*GOAL OF THE EXERCISE*
Repeat all entries exactly.

━━ SOURCE MATERIAL ━━

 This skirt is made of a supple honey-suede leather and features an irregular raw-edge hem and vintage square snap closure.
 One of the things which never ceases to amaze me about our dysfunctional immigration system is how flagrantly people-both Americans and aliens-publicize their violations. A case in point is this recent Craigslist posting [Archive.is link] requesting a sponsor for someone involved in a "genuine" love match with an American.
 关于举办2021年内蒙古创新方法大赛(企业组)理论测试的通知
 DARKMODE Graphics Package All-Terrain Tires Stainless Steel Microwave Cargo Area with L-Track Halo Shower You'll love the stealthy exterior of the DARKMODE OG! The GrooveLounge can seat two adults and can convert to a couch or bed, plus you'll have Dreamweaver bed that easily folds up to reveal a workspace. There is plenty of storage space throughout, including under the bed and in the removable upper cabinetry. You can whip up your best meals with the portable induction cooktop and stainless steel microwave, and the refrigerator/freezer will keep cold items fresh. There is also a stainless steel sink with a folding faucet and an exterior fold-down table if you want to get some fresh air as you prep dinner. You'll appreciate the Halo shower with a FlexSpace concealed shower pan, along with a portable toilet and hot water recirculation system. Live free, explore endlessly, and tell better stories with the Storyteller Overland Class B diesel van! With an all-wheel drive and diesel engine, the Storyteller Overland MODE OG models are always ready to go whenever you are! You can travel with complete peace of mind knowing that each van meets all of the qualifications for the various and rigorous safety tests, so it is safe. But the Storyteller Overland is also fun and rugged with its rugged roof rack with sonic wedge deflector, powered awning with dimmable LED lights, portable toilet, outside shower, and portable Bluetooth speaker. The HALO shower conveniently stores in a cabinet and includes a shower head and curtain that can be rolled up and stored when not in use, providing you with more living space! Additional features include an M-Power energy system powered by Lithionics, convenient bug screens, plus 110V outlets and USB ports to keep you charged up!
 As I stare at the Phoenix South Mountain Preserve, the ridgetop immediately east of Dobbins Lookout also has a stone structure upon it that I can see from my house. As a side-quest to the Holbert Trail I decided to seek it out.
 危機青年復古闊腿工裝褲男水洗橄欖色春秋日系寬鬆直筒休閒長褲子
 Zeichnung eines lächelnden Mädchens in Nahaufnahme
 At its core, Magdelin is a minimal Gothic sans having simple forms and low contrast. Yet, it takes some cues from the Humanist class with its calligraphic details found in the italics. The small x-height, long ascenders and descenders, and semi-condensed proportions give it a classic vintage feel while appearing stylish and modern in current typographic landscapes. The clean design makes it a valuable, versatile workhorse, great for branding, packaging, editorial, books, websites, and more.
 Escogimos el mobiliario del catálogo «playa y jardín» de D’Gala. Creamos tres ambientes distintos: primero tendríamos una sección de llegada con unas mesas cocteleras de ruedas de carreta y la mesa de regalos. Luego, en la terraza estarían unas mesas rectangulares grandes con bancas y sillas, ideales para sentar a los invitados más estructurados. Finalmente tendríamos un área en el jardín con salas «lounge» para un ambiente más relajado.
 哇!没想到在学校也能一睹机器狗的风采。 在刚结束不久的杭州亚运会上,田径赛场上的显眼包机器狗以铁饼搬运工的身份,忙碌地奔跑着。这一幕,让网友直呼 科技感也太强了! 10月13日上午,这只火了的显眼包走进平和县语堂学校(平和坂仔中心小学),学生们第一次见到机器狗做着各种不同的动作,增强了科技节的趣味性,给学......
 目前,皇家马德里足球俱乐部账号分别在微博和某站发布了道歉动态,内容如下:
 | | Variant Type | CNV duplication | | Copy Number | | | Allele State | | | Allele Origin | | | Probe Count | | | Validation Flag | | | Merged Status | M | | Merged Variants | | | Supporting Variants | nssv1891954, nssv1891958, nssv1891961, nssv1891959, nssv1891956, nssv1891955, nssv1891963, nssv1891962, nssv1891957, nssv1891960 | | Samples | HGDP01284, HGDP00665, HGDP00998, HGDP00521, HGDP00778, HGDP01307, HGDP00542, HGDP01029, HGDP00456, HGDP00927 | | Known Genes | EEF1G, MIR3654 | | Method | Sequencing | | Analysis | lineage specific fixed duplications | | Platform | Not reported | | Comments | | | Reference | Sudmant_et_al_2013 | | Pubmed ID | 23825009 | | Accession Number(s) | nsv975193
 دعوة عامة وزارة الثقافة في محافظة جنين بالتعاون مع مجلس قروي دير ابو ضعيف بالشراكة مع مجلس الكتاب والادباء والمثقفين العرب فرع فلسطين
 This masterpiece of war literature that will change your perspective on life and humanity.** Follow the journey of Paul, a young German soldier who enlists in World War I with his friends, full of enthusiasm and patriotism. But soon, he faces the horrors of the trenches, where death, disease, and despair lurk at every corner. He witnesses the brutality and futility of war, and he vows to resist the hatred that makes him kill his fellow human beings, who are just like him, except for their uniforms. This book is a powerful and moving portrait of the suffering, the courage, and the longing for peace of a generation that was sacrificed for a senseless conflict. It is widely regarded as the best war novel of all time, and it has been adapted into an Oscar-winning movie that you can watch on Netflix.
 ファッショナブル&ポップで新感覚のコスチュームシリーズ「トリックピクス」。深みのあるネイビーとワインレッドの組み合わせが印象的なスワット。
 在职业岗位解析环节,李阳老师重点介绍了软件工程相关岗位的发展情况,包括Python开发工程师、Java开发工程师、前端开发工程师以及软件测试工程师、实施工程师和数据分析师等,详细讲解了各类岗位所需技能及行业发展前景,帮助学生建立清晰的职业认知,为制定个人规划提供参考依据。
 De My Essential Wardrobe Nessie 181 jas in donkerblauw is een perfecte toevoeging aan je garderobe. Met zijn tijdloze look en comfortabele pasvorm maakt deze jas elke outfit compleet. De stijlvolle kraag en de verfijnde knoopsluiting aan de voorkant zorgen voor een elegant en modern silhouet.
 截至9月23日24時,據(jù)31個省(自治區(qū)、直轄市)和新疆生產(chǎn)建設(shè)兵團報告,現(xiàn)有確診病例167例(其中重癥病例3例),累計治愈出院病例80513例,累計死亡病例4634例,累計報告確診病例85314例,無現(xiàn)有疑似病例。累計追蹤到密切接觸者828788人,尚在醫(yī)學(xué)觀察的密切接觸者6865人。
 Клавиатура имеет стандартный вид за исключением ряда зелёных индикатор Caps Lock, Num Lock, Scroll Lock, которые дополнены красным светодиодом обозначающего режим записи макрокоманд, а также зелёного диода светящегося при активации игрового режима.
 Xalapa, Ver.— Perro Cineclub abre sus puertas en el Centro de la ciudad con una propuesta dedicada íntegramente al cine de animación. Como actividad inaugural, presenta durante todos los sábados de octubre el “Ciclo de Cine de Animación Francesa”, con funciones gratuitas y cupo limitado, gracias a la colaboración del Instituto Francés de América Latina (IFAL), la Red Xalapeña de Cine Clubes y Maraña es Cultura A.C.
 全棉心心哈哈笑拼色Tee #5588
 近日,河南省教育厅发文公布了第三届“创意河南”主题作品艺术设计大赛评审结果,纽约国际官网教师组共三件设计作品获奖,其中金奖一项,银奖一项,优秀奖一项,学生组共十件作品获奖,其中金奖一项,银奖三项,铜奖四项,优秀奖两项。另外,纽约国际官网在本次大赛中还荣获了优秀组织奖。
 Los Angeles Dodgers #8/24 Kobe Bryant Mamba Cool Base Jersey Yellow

━━━

*ANSWER BOX*
 This skirt is made of a supple honey-suede leather and features an irregular raw-edge hem and vintage square snap closure.
 One of the things which never ceases to amaze me about our dysfunctional immigration system is how flagrantly people-both Americans and aliens-publicize their violations. A case in point is this recent Craigslist posting [Archive.is link] requesting a sponsor for someone involved in a "genuine" love match with an American.
 关于举办2021年内蒙古创新方法大赛(企业组)理论测试的通知
 DARKMODE Graphics Package All-Terrain Tires Stainless Steel Microwave Cargo Area with L-Track Halo Shower You'll love the stealthy exterior of the DARKMODE OG! The GrooveLounge can seat two adults and can convert to a couch or bed, plus you'll have Dreamweaver bed that easily folds up to reveal a workspace. There is plenty of storage space throughout, including under the bed and in the removable upper cabinetry. You can whip up your best meals with the portable induction cooktop and stainless steel microwave, and the refrigerator/freezer will keep cold items fresh. There is also a stainless steel sink with a folding faucet and an exterior fold-down table if you want to get some fresh air as you prep dinner. You'll appreciate the Halo shower with a FlexSpace concealed shower pan, along with a portable toilet and hot water recirculation system. Live free, explore endlessly, and tell better stories with the Storyteller Overland Class B diesel van! With an all-wheel drive and diesel engine, the Storyteller Overland MODE OG models are always ready to go whenever you are! You can travel with complete peace of mind knowing that each van meets all of the qualifications for the various and rigorous safety tests, so it is safe. But the Storyteller Overland is also fun and rugged with its rugged roof rack with sonic wedge deflector, powered awning with dimmable LED lights, portable toilet, outside shower, and portable Bluetooth speaker. The HALO shower conveniently stores in a cabinet and includes a shower head and curtain that can be rolled up and stored when not in use, providing you with more living space! Additional features include an M-Power energy system powered by Lithionics, convenient bug screens, plus 110V outlets and USB ports to keep you charged up!
 As I stare at the Phoenix South Mountain Preserve, the ridgetop immediately east of Dobbins Lookout also has a stone structure upon it that I can see from my house. As a side-quest to the Holbert Trail I decided to seek it out.
 危機青年復古闊腿工裝褲男水洗橄欖色春秋日系寬鬆直筒休閒長褲子
 Zeichnung eines lächelnden Mädchens in Nahaufnahme
 At its core, Magdelin is a minimal Gothic sans having simple forms and low contrast. Yet, it takes some cues from the Humanist class with its calligraphic details found in the italics. The small x-height, long ascenders and descenders, and semi-condensed proportions give it a classic vintage feel while appearing stylish and modern in current typographic landscapes. The clean design makes it a valuable, versatile workhorse, great for branding, packaging, editorial, books, websites, and more.
 Escogimos el mobiliario del catálogo «playa y jardín» de D’Gala. Creamos tres ambientes distintos: primero tendríamos una sección de llegada con unas mesas cocteleras de ruedas de carreta y la mesa de regalos. Luego, en la terraza estarían unas mesas rectangulares grandes con bancas y sillas, ideales para sentar a los invitados más estructurados. Finalmente tendríamos un área en el jardín con salas «lounge» para un ambiente más relajado.
 哇!没想到在学校也能一睹机器狗的风采。 在刚结束不久的杭州亚运会上,田径赛场上的显眼包机器狗以铁饼搬运工的身份,忙碌地奔跑着。这一幕,让网友直呼 科技感也太强了! 10月13日上午,这只火了的显眼包走进平和县语堂学校(平和坂仔中心小学),学生们第一次见到机器狗做着各种不同的动作,增强了科技节的趣味性,给学......
 目前,皇家马德里足球俱乐部账号分别在微博和某站发布了道歉动态,内容如下:
 | | Variant Type | CNV duplication | | Copy Number | | | Allele State | | | Allele Origin | | | Probe Count | | | Validation Flag | | | Merged Status | M | | Merged Variants | | | Supporting Variants | nssv1891954, nssv1891958, nssv1891961, nssv1891959, nssv1891956, nssv1891955, nssv1891963, nssv1891962, nssv1891957, nssv1891960 | | Samples | HGDP01284, HGDP00665, HGDP00998, HGDP00521, HGDP00778, HGDP01307, HGDP00542, HGDP01029, HGDP00456, HGDP00927 | | Known Genes | EEF1G, MIR3654 | | Method | Sequencing | | Analysis | lineage specific fixed duplications | | Platform | Not reported | | Comments | | | Reference | Sudmant_et_al_2013 | | Pubmed ID | 23825009 | | Accession Number(s) | nsv975193
 دعوة عامة وزارة الثقافة في محافظة جنين بالتعاون مع مجلس قروي دير ابو ضعيف بالشراكة مع مجلس الكتاب والادباء والمثقفين العرب فرع فلسطين
 This masterpiece of war literature that will change your perspective on life and humanity.** Follow the journey of Paul, a young German soldier who enlists in World War I with his friends, full of enthusiasm and patriotism. But soon, he faces the horrors of the trenches, where death, disease, and despair lurk at every corner. He witnesses the brutality and futility of war, and he vows to resist the hatred that makes him kill his fellow human beings, who are just like him, except for their uniforms. This book is a powerful and moving portrait of the suffering, the courage, and the longing for peace of a generation that was sacrificed for a senseless conflict. It is widely regarded as the best war novel of all time, and it has been adapted into an Oscar-winning movie that you can watch on Netflix.
 ファッショナブル&ポップで新感覚のコスチュームシリーズ「トリックピクス」。深みのあるネイビーとワインレッドの組み合わせが印象的なスワット。
 在职业岗位解析环节,李阳老师重点介绍了软件工程相关岗位的发展情况,包括Python开发工程师、Java开发工程师、前端开发工程师以及软件测试工程师、实施工程师和数据分析师等,详细讲解了各类岗位所需技能及行业发展前景,帮助学生建立清晰的职业认知,为制定个人规划提供参考依据。
 De My Essential Wardrobe Nessie 181 jas in donkerblauw is een perfecte toevoeging aan je garderobe. Met zijn tijdloze look en comfortabele pasvorm maakt deze jas elke outfit compleet. De stijlvolle kraag en de verfijnde knoopsluiting aan de voorkant zorgen voor een elegant en modern silhouet.
 截至9月23日24時,據(jù)31個省(自治區(qū)、直轄市)和新疆生產(chǎn)建設(shè)兵團報告,現(xiàn)有確診病例167例(其中重癥病例3例),累計治愈出院病例80513例,累計死亡病例4634例,累計報告確診病例85314例,無現(xiàn)有疑似病例。累計追蹤到密切接觸者828788人,尚在醫(yī)學(xué)觀察的密切接觸者6865人。
 Клавиатура имеет стандартный вид за исключением ряда зелёных индикатор Caps Lock, Num Lock, Scroll Lock, которые дополнены красным светодиодом обозначающего режим записи макрокоманд, а также зелёного диода светящегося при активации игрового режима.
 Xalapa, Ver.— Perro Cineclub abre sus puertas en el Centro de la ciudad con una propuesta dedicada íntegramente al cine de animación. Como actividad inaugural, presenta durante todos los sábados de octubre el “Ciclo de Cine de Animación Francesa”, con funciones gratuitas y cupo limitado, gracias a la colaboración del Instituto Francés de América Latina (IFAL), la Red Xalapeña de Cine Clubes y Maraña es Cultura A.C.
 全棉心心哈哈笑拼色Tee #5588
 近日,河南省教育厅发文公布了第三届“创意河南”主题作品艺术设计大赛评审结果,纽约国际官网教师组共三件设计作品获奖,其中金奖一项,银奖一项,优秀奖一项,学生组共十件作品获奖,其中金奖一项,银奖三项,铜奖四项,优秀奖两项。另外,纽约国际官网在本次大赛中还荣获了优秀组织奖。
 Los Angeles Dodgers #8/24 Kobe Bryant Mamba Cool Base Jersey Yellow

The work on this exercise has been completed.